Dominic D'Ambrosio said:


> Pretty good for sport. I know a fella who taught his own dog the whole routine without any helper work other than his own and scored in the 290's. Just goes to show you.


This is true Mike. He was a borderline decent handler and helper, nothing exceptional but he made it look easy. I would do it too but there is nothing in it for me but to much wasted time.


----------



## will fernandez (May 17, 2006)

Dominic D'Ambrosio said:


> Pretty good for sport. I know a fella who taught his own dog the whole routine without any helper work other than his own and scored in the 290's. Just goes to show you.

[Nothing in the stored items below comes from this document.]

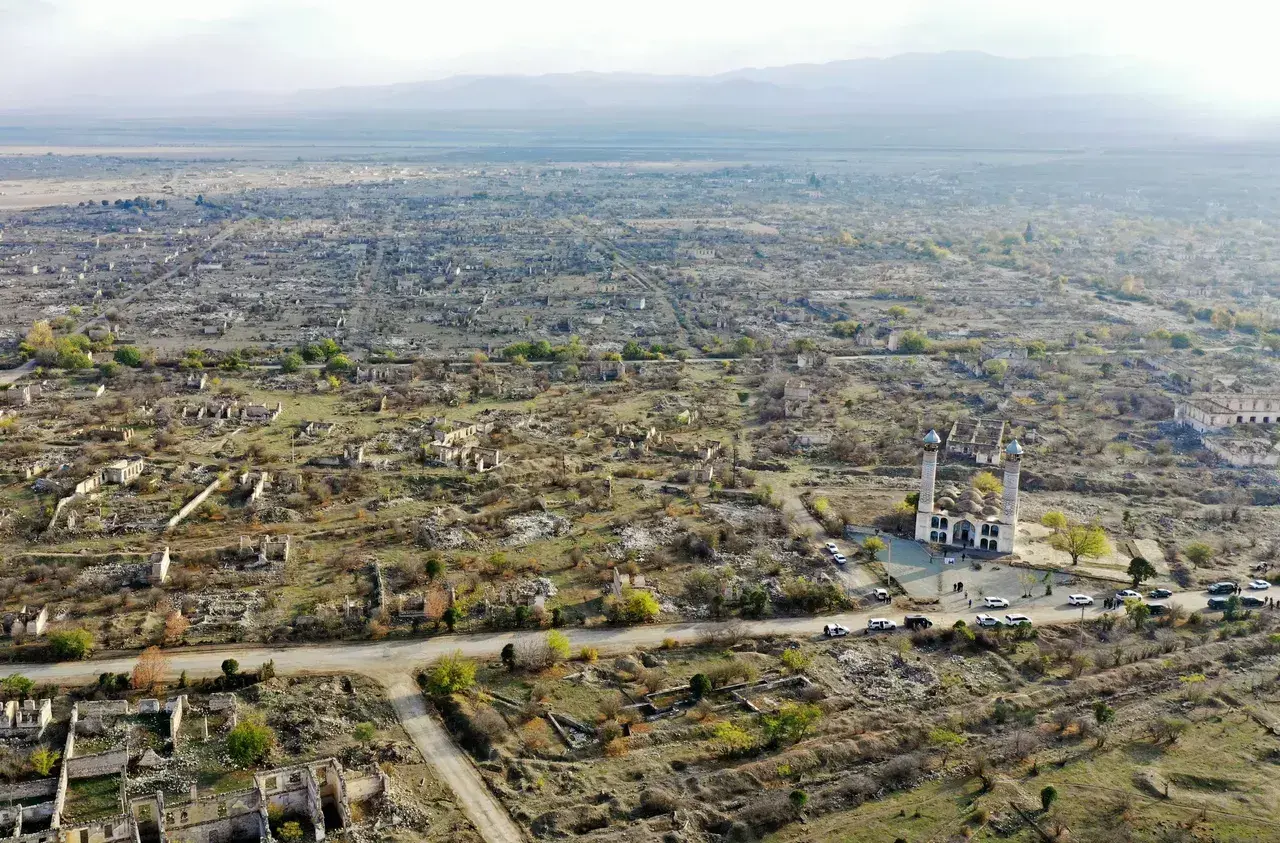 "Агдам Резиденс" - жилой город из шестиэтажных зданий, а вокруг руины прежнего Агдама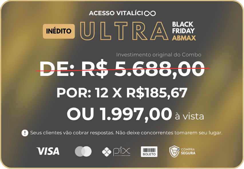 Durante as formações, você terá suporte direto dos facilitadores do combo. Todas as suas dúvidas serão encaminhadas e respondidas na plataforma ABMAX.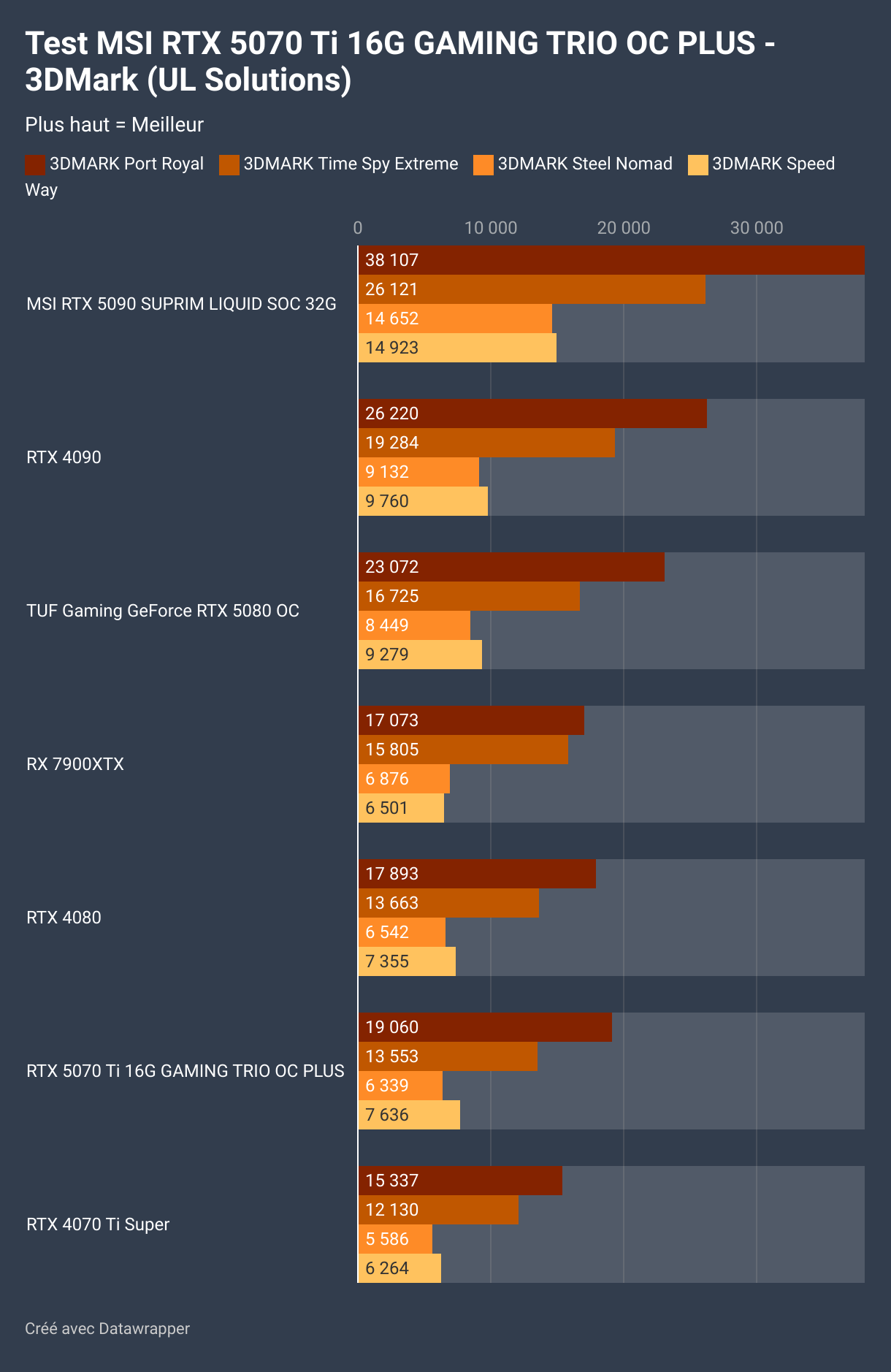 Dans le test 3DMark Port Royal, la RTX 5070 Ti profite clairement de sa nouvelle architecture et de ses optimisations logicielles pour surperformer des cartes comme la RTX 4080 et la RX 7900 XTX.

 Kinda reminds me of Chris Smith


----------



## James Idi (Apr 19, 2009)

> I'll share the eye bleach if anyone else needs it.


/raises hand....


----------



## Jim Nash (Mar 30, 2006)

will fernandez said:


> Kinda reminds me of Chris Smith


So far from the folks I've talked to here . Felacio is the odds on favorite for being Dom , with Smith coming in a close second . 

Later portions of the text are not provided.